If you happen to talk with an anthropologist and ask them how we can define the concept of "home", they will tell you that it depends on many different variables that are related to the culture, the family system, the idea itself of what a house should look like or be for.
The first six months of 2020 were quite intense for me - and they would have been despite a pandemic breaking out. At the beginning of this year I questioned myself on where I feel my roots are, and I wondered why I am so unattached to them.
When the pandemic broke out in Italy (early March) I didn't have much time to think about where I should've spent my lockdown - for a moment I considered going back to what I used to consider "home" before, but then I realized I was not drawn to it because I had now a new place to consider as such. It was a tough decision, but in the end - maybe for the first time in my life - I did what was best for me and not what others expected me of doing.
For a while, I thought I am extremely adaptable and I easily feel cozy anywhere I go: it took me a bit over a day to consider my Australian host parents' farm a home when, last Summer, I spent a week there; my house in Lisbon became a home one morning as I was studying on the balcony, one-two months after moving in, and I think the home-status for my apartment in Rome arrived even sooner than that.
Since my birthday in mid-June coincided with Italy reopening the internal borders - meaning we can now easily move around the country again - I decided to celebrate it visiting my parents and friends in the North. The experience of catching a train was itself an adventure, even though the situation was very much like it used to be before the pandemic. When I arrived in Milan, I experienced a weird feeling since everything was almost as it used to be, but you could tell something had happened. The main difference presented itself in ads and signs in public spaces: instructions on how to behave on transports are everywhere - on doors, on poles, on the ground - and your path in metro stations is drawn by round stickers on the floor, which makes everything look like a real-life version of some sort of apocalyptic videogame.
For the first two/three days, I was disoriented, lost. That was home, but the not the one I had left in February. I was in a familiar place, yet it looked foreign and slightly off. The first moment I felt as if I was in my place, was when I was driving on my favourite road in the countryside; windows rolled down, sun shining in the sky, "Wonderwall" by Oasis came on the radio and I immediately felt home. So I realized that home is not a place, not really - is more of a conglomerate of places, feelings, emotions, people. A house is nothing without the people who make it a home inside.

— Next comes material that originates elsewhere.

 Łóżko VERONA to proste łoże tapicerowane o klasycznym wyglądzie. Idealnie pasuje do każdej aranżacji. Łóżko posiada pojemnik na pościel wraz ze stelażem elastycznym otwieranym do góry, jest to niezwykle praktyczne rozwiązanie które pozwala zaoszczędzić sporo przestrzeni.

As I hadn't seen my parents and friends since long before the lockdown started, we had a lot to catch up on but everything we could seem to talk about was the Covid: what we did during the quarantine, what we thought, what we are afraid of now that things seem to be better. My parents live next to a busy train station, but all they could hear for weeks were just sirens from ambulances speeding to the nearby hospitals; some of my friends could never leave the house for months because only one person per family could go shopping for groceries, and living with your parents meant one of them usually took care of it (once or twice per week, as controls were much, much more severe than they used to be in Rome).

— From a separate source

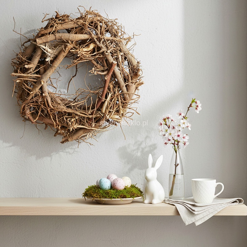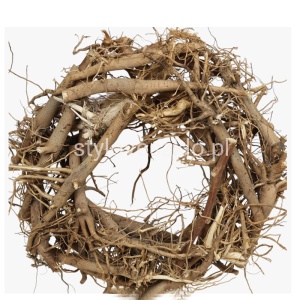 Ten wianek korzeniowy został wykonany z całkowicie z gałązek i korzeni naturalnej wierzby i stanowi bazę do wykonania oryginalnej dekoracji florystycznej. Jest to dekoracja florystyczna, a zatem do jej udekorowania wystarczą aplikacje osadzone na miękkim druciku, którym można opleść wianek, aby usztywnić ich mocowanie.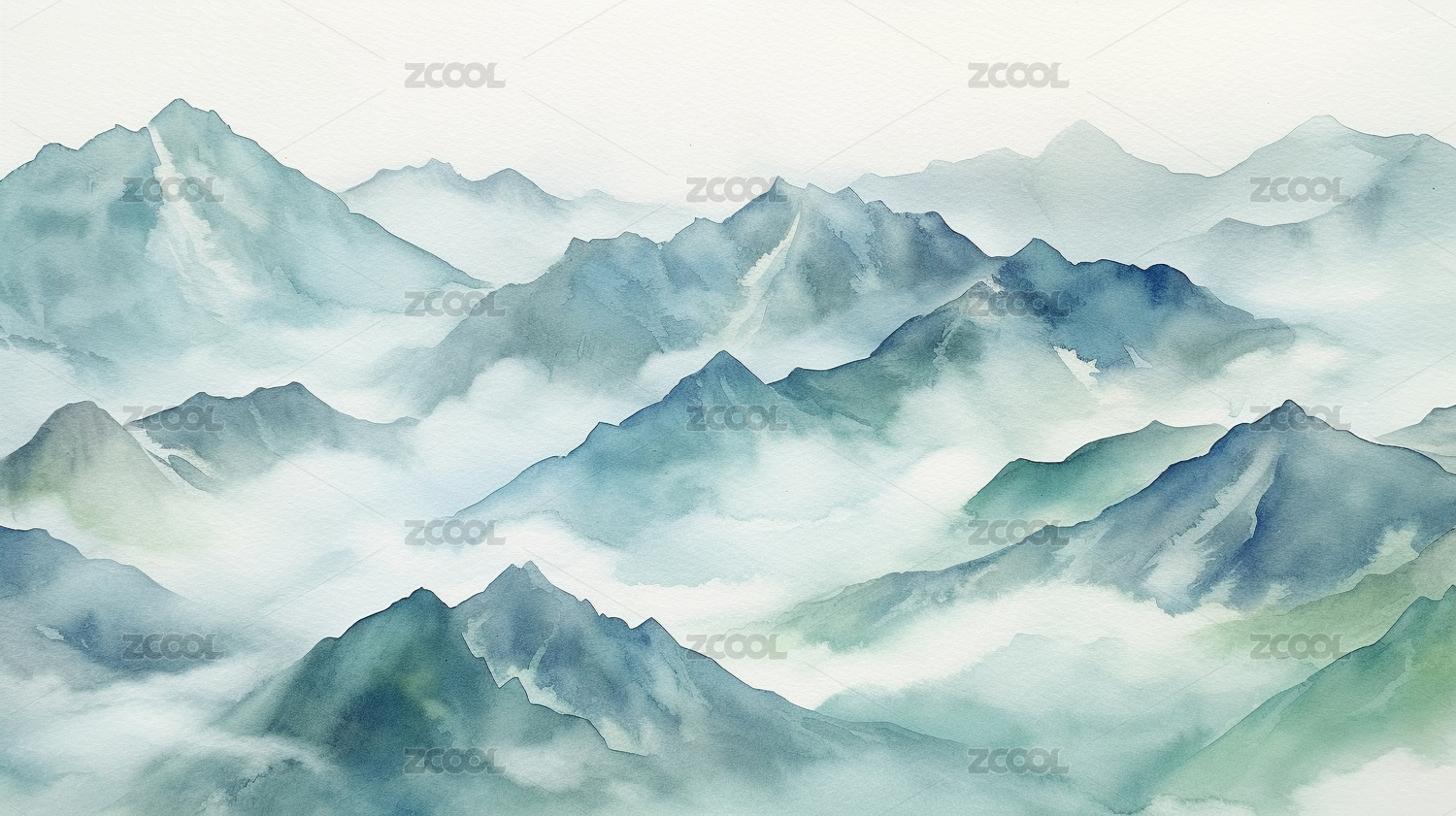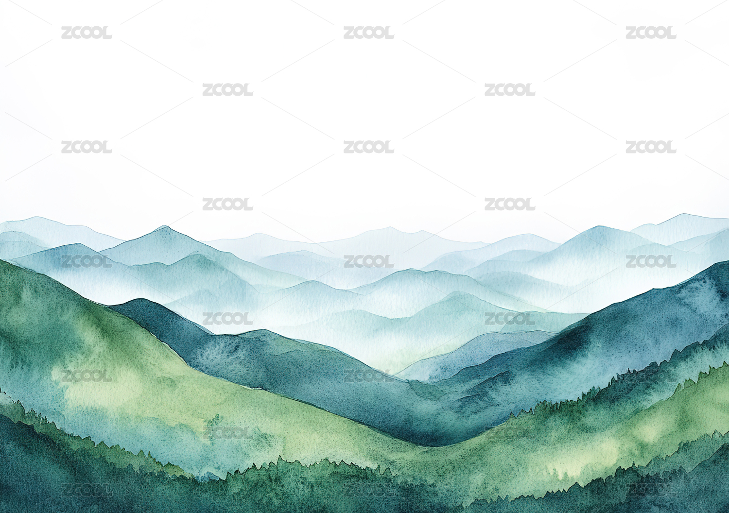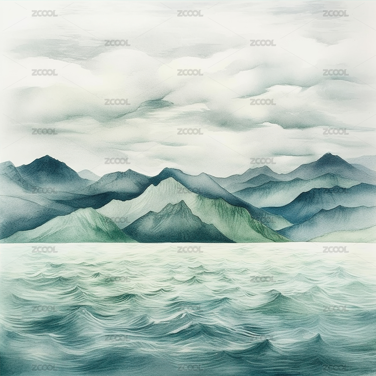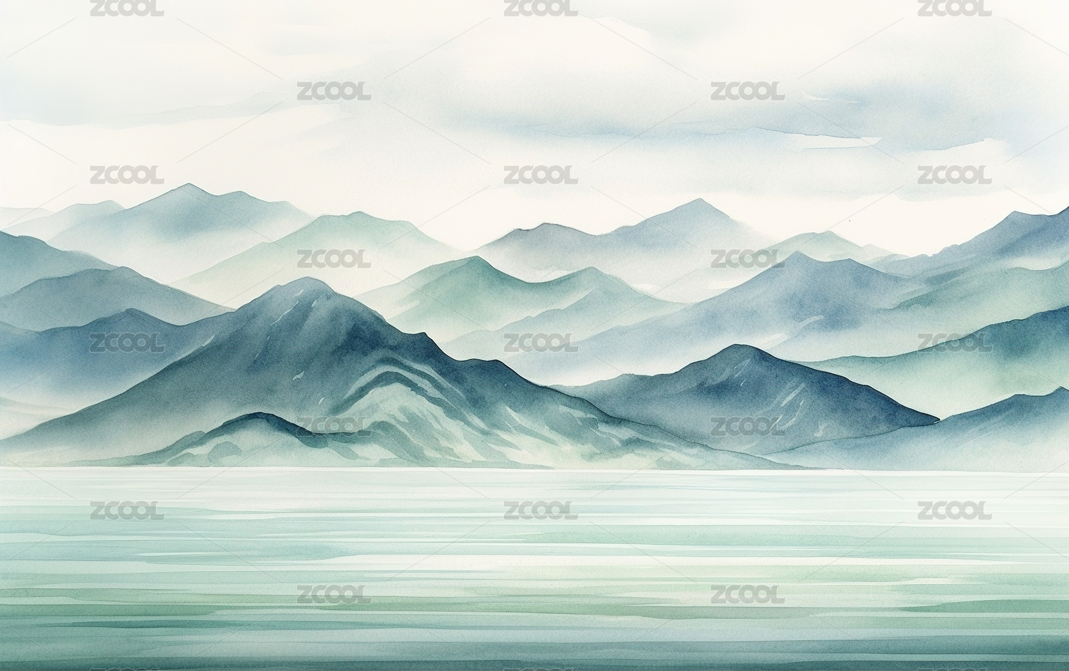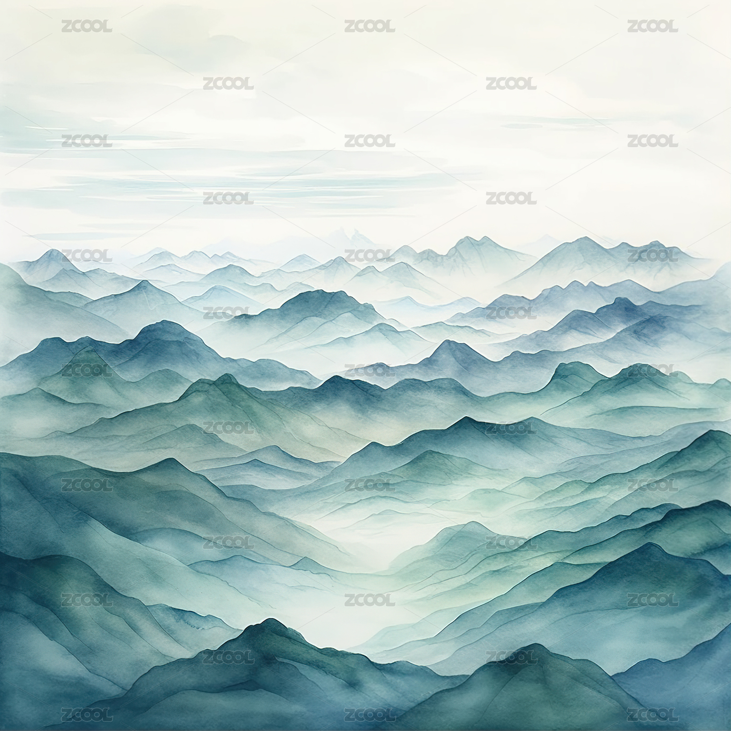 水彩,淡彩,绘画,传统,中国,风格,风景,山,自然,天空

"It all seems like it was some sort of bad nightmare", we commented when we met up on my birthday to celebrate. Being out and together was still new, and at first everyone was a bit wary of the others. As I looked at them, I thought that they looked older, and something in their eyes (or in mine?) had changed. Some of them went through their parents' illness and slow recovery, some lost a relative, others did not meet grief but went through being laid off work and seeing their life projects postponed. I listened to their stories, realizing how different their experience had been from mine.

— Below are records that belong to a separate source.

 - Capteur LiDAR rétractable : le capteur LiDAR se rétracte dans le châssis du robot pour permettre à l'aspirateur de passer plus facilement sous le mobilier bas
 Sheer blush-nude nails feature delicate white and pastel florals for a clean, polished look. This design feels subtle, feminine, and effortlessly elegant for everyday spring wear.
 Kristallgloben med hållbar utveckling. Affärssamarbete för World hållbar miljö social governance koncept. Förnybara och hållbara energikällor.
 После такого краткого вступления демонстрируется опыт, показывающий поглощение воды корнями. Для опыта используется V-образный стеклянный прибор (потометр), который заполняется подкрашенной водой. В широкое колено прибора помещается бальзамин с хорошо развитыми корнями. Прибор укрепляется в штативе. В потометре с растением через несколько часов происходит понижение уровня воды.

When you meet up with someone you haven't seen in a while, all you can talk about is the lockdown - at least if you are from the North or were living there. The pandemic in Italy is an extremely traumatic experience, and I am quite sure we should all undergo some kind of post-traumatic stress disorder treatment - as individuals or as a society - because, by how fast we are removing all that happened, I believe we are in denial. I myself realize that I am being much less careful these days, despite always wearing a mask outside and in public spaces I am less wary of other people. Yesterday I happened to come across a friend I hadn't seen in years and my first instinct was to hug her - for a split of a second, everything was back to normal and that was an innocent, affectionate gesture.
The past three weeks were almost as tough as the lockdown was on an emotional level, for me. Being back home, seeing friends and family, turning 27 added to other changes in my life that I hadn't anticipated, and all of that piled up. As I was there, the same thing that I had already experienced in Lisbon, during my Erasmus, happened: I wanted to be in two places at the same time, because both place are, for me, home. And when home is linked to people, to feelings, to memories, it can be anywhere - it can be two places at the same time, it can be a place you have only been living in since recently.
While I was home, I truly felt like a chapter closed down, and a new one is opening. I'm excited to see where this is going.